# [What you will do]
Copy exactly, and only, the lines from the line containing "- 【2点セット】アップルウォッチ 45mm対応" through the last line of the records below, both included, and leave out any pictures.

# [Extracted records]
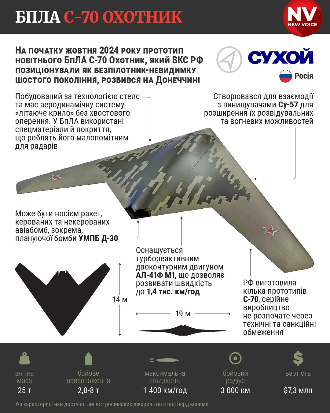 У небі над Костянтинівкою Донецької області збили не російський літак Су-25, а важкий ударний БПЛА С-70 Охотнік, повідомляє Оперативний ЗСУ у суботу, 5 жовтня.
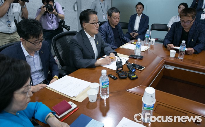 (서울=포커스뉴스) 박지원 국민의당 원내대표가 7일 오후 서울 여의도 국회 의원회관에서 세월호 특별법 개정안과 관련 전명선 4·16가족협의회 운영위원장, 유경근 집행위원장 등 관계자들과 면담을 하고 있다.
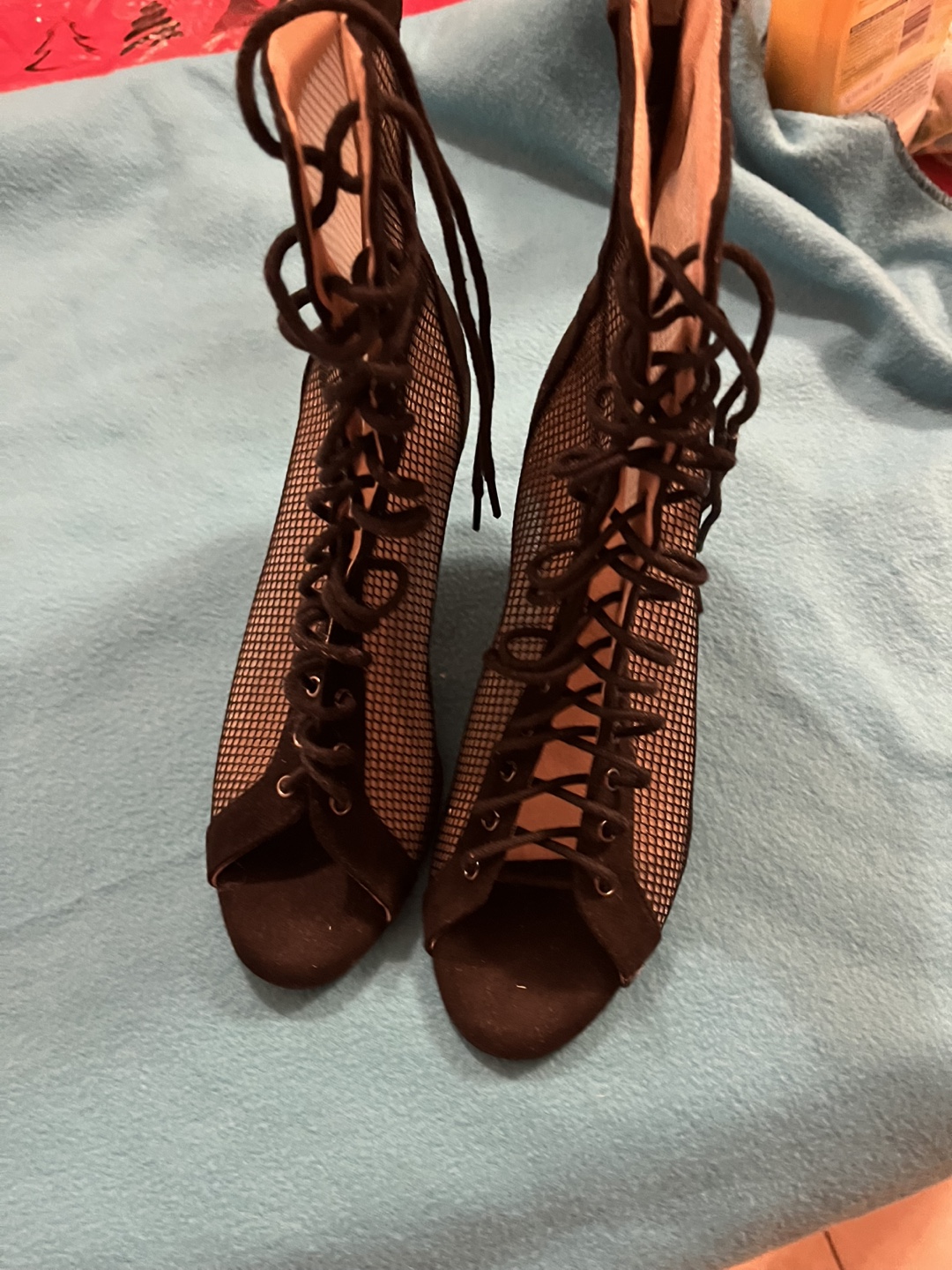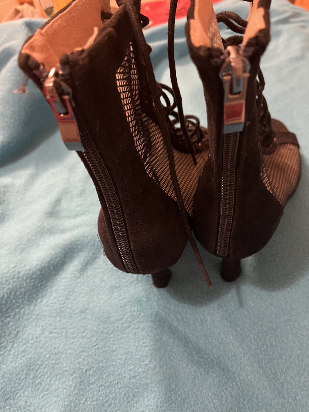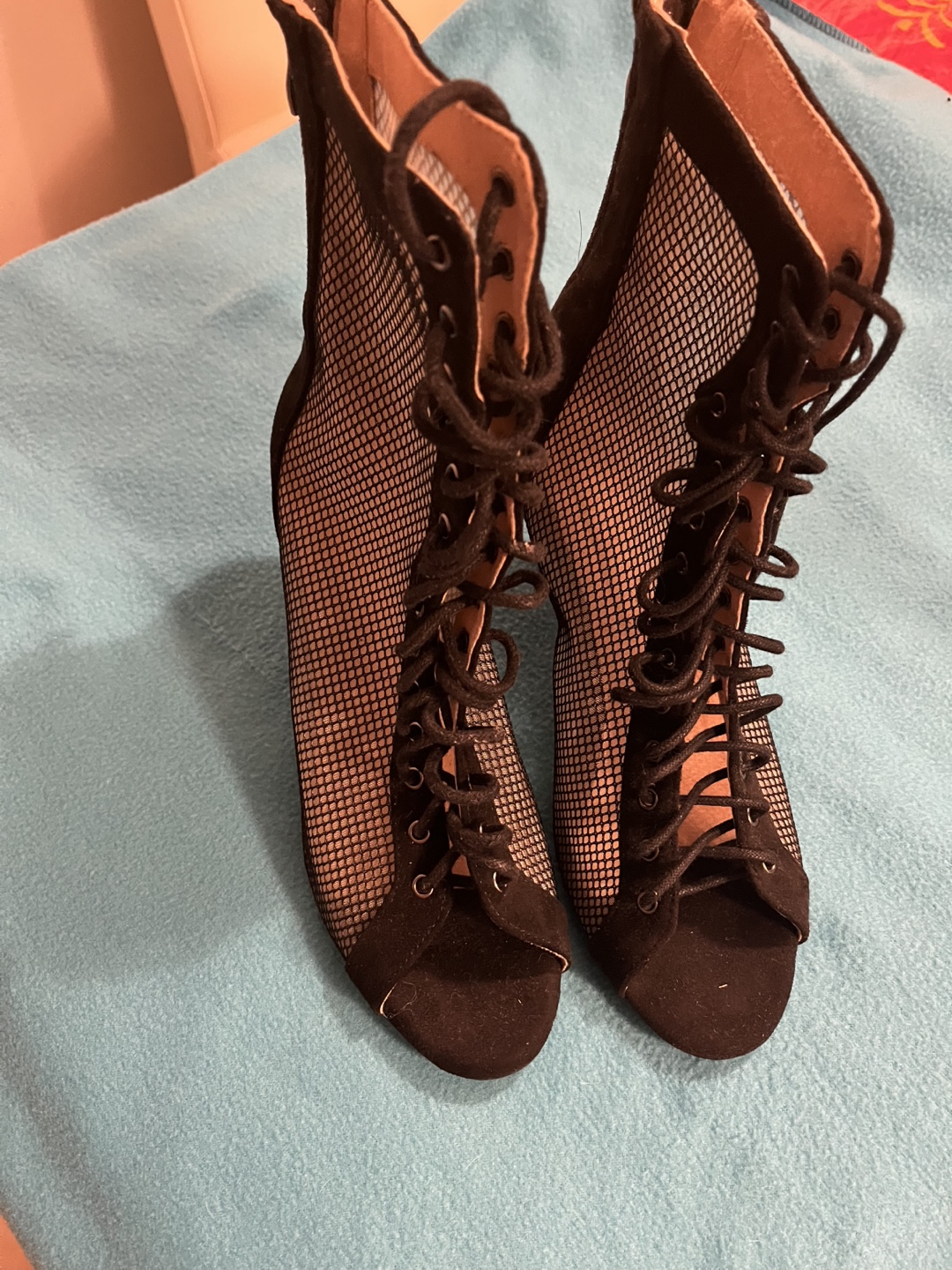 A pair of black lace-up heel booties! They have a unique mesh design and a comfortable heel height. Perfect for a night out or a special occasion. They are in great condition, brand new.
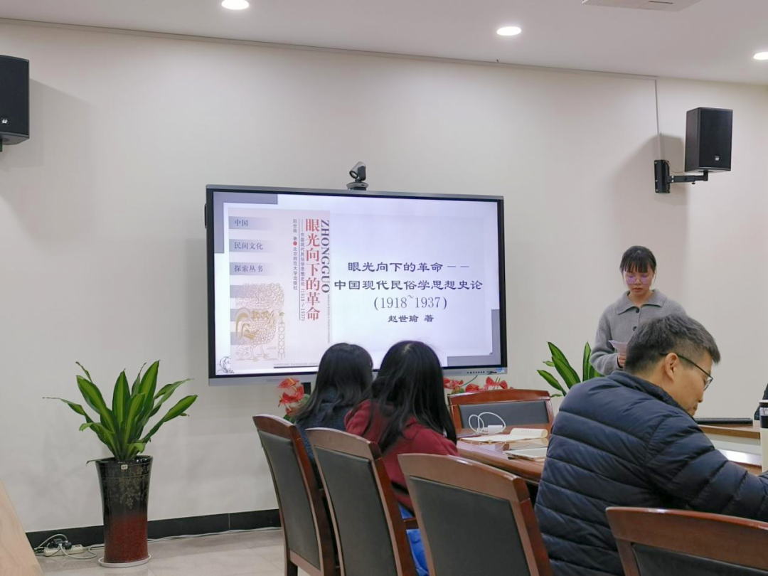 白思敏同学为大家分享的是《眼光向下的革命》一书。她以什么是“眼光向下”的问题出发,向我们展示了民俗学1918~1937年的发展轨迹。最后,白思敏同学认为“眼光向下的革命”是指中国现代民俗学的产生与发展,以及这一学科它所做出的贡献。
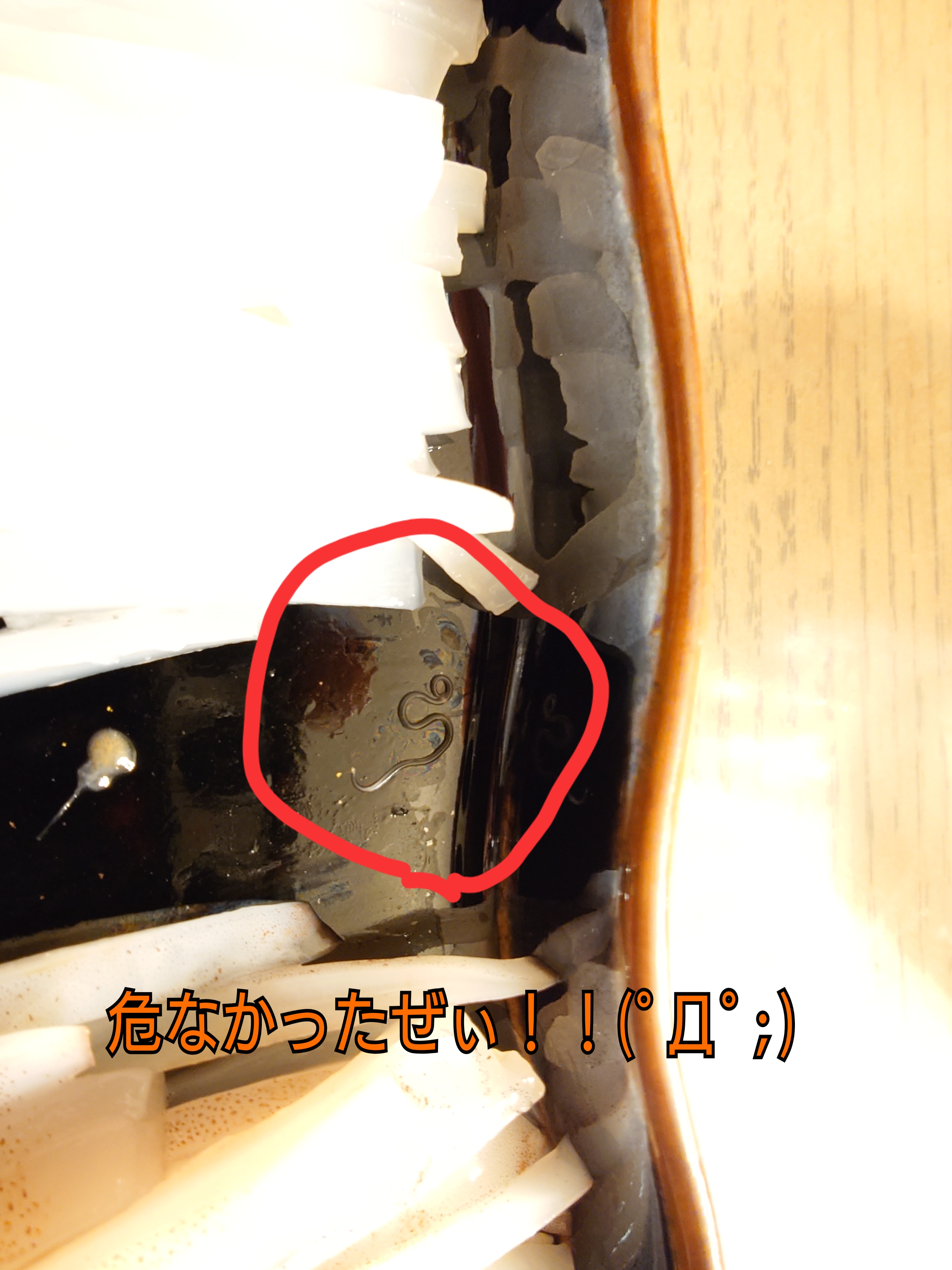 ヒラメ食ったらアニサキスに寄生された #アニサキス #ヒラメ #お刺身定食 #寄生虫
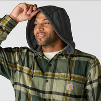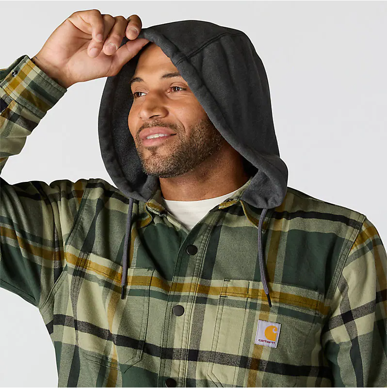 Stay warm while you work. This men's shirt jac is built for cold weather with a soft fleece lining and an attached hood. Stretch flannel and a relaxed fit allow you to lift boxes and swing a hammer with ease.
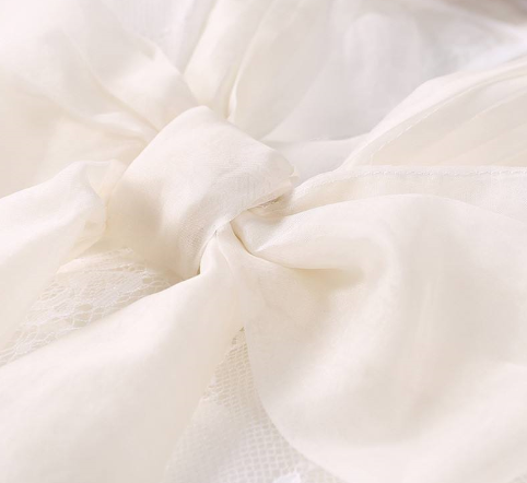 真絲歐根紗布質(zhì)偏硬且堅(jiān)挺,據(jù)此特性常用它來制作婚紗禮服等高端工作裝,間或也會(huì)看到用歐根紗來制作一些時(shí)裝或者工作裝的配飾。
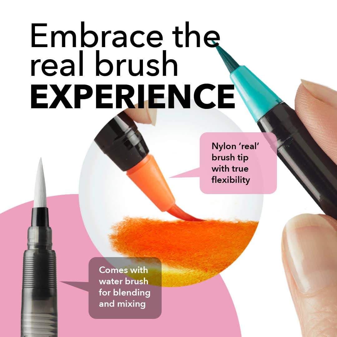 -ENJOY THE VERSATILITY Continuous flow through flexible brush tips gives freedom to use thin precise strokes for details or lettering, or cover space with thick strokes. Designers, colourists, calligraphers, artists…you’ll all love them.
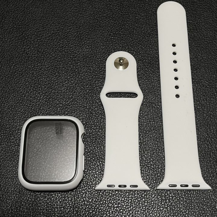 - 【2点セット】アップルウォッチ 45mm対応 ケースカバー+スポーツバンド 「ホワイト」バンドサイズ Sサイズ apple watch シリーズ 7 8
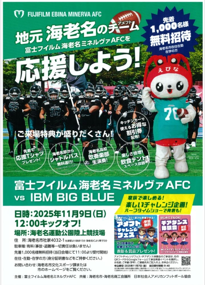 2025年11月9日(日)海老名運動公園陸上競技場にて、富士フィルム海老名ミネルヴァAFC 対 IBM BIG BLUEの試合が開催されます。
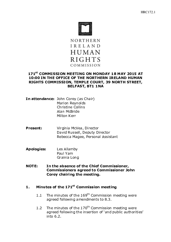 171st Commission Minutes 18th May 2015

# [Final answer]
 - 【2点セット】アップルウォッチ 45mm対応 ケースカバー+スポーツバンド 「ホワイト」バンドサイズ Sサイズ apple watch シリーズ 7 8
 2025年11月9日(日)海老名運動公園陸上競技場にて、富士フィルム海老名ミネルヴァAFC 対 IBM BIG BLUEの試合が開催されます。
 171st Commission Minutes 18th May 2015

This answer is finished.